Making Headway Against Invasive Species on the Hill
Constituents representing more than 50 percent of United States recently gathered to advance efforts toward protecting native ecosystems through awareness, education and control of invasive plant species. More than 150 participants, including representatives of government agencies, non-profits, private industry and landowners, spent the week lobbying state legislators and attending briefings from federal agencies including the United States Department of Agriculture, Department of the Interior and Army Corps of Engineers.
Through a partnership between the Invasive Species Council and the National Geographic Society, NIWAW participants also enjoyed an early screening of the first in a new TV series titled Strange Days on Planet Earth. The first show will air on PBS on April 20 and investigates the ecological and economic damages triggered by invasive species infestations. NIWAW attendants hope this video will create additional awareness of the growing impact of invasive weed species nationwide.
Other highlights from the week included a series of presentations from regional success stories spotlighting exemplary use of resources, collaboration and community outreach to help reduce the impact of invasive weeds. These presentations were sponsored by FICMNEW, the Federal Interagency Committee for the Management of Noxious and Exotic Weeds.
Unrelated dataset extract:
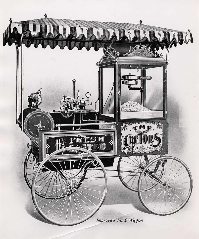 Na samym początku XX wieku Cretors przedstawił kolejny wynalazek – dużą maszynę na konnym wózku, która od razu stała się przebojem. Szybko wyczuł też, że świetnymi partnerami biznesowymi będą dla niego zdobywające coraz większą popularność kina, zapoczątkowując tym samym trwającą do dzisiaj intymną relację między prażoną kukurydzą i wielkim ekranem. Co ciekawe, od samego początku obecność jedzenia na sali kinowej budziła wątpliwości (do dziś część widzów narzeka przecież na kina, w których „cuchnie popcornem” i nie wyobraża sobie pogryzania podczas obcowania z wielką sztuką), a w kinach wieszano znaki nakazujące zostawiać w szatni nie tylko swoje palta, ale i – często nielegalnie przemycane – torebki z zakupionym na ulicy popcornem. Kiniarze przekonali się jednak do tego mariażu, kiedy okazało się, że można na kukurydzy zarobić więcej niż na biletach i sami zaczęli montować maszyny do prażenia w swoich salach.

An awards reception took place at the United States Botanic Garden, sponsored by FICMNEW, the National Fish and Wildlife Foundation, and the Botanic Garden. Entertainment was provided by the Blues Rangers, a group of talented U.S. Forest Service musicians, whose lyrics foster awareness of invasive plants.
Six organizations and people were honored at this year’s event:
Gary Johnston, National Park Service (NPS) received a FICMNEW award in recognition of his outstanding work in the area of invasive plant management. Johnston has served the NPS for 25 years. As a FICMNEW co-chair for four years, responsible for operations, he played a principal role in the development of the Pulling Together Initiative for invasive plants and the conceptualization of the Early Detection and Rapid Response System for managing invasive plants in the U.S.
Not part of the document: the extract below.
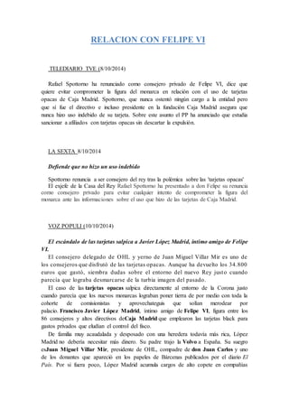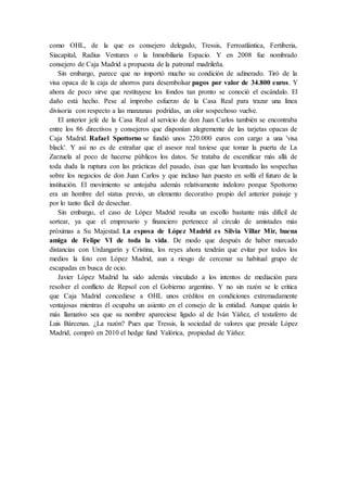 Rafael Spottorno renunció como consejero privado de Felipe VI para evitar comprometer al monarca con el escándalo de las tarjetas opacas de Caja Madrid, aunque Spottorno niega haber hecho un uso indebido de su tarjeta. El escándalo también salpica a Javier López Madrid, amigo íntimo de Felipe VI y consejero de Caja Madrid, que usó una tarjeta opaca para gastos personales de 34,800 euros a pesar de su gran riqueza. El caso complica los esfuerzos de la Casa Real por

Gina Ramos, Bureau of Land Management (BLM) also received a FICMNEW award. Ramos has advised the BLM Washington D.C. office as a weed management specialist for more than four years. Also serving as a FICMNEW co-chair, she has helped implement numerous FICMNEW programs, including work-planning retreats, Weeds Across Borders conferences and the Early Detection and Rapid Response System.
Both Johnston and Ramos are active leaders in the Invasive Weeds Awareness Coalition (IWAC) and the National Fish and Wildlife Foundation’s Pulling Together Initiative steering committee. Due to their consistent efforts and contributions, they continue to ensure NIWAW’s success year after year.
Rob Hedberg, Weed Science Society of America (WSSA), received the Invasive Weeds Awareness Coalition (IWAC) award for his superior work in generating awareness and education related to invasive plant management. As Director of Science Policy at WSSA, Hedberg’s leadership has promoted collaboration and ongoing research among scientific and weed management communities nationwide. Chairing IWAC, he was the driving force behind the coordination and subsequent success of NIWAW VI. He also co-organized one of the most successful invasive species conferences, “Invasive Plants in Natural and Managed Systems – Linking Science and Management,” in 2004, which attracted more than 800 participants, Hedberg continues to demonstrate a strong commitment to invasive plant issues worldwide.
Dale Bosworth, USDA, Forest Service, received the joint FICMNEW-IWAC award in recognition of his leadership supporting invasive plant management in the U.S. Bosworth is the 15th chief of the forest service and has been there nearly his entire life. Under his leadership, the Forest Service has elevated the invasive species issue to one of the top four issues threatening American terrestrial and aquatic ecosystems. Bosworth spearheaded the completion of the National Strategy and Implementation Plan for Invasive Species Management, which raised the national standard for invasive species management. He has also been an active supporter of FICMNEW, IWAC and other invasive species management groups.
The City of Baltimore received the Community Spirit Award by the National Fish and Wildlife Foundation and FICMNEW for its exceptional work in vegetation management. The city has made remarkable efforts to grow cooperation and partnerships in the area of invasive plant management through its Pulling Together Initiative Grant Program. Kimberley Flowers of the Department of Recreation and Parks accepted the award on behalf of the city of Baltimore.
Bonnie Harper-Lore, Department of Transportation, received the North American Weed Management Association (NAWMA) award in recognition of her work implementing the Weed Across Borders program. With a strong commitment to Integrated Roadside Vegetation Management, Harper-Lore’s leadership has been instrumental in the successful execution of Weeds Across Borders, a campaign to create collaboration among countries bordering North America.
In addition to the special awards at NIWAW VI, the entire week served as a memorial to the late John Taylor. As a senior wildlife biologist at Bosque del Apache National Wildlife Refuge (NWR) in New Mexico, Taylor worked more than 18 years to remove saltcedar throughout the state. Taylor passed away last September.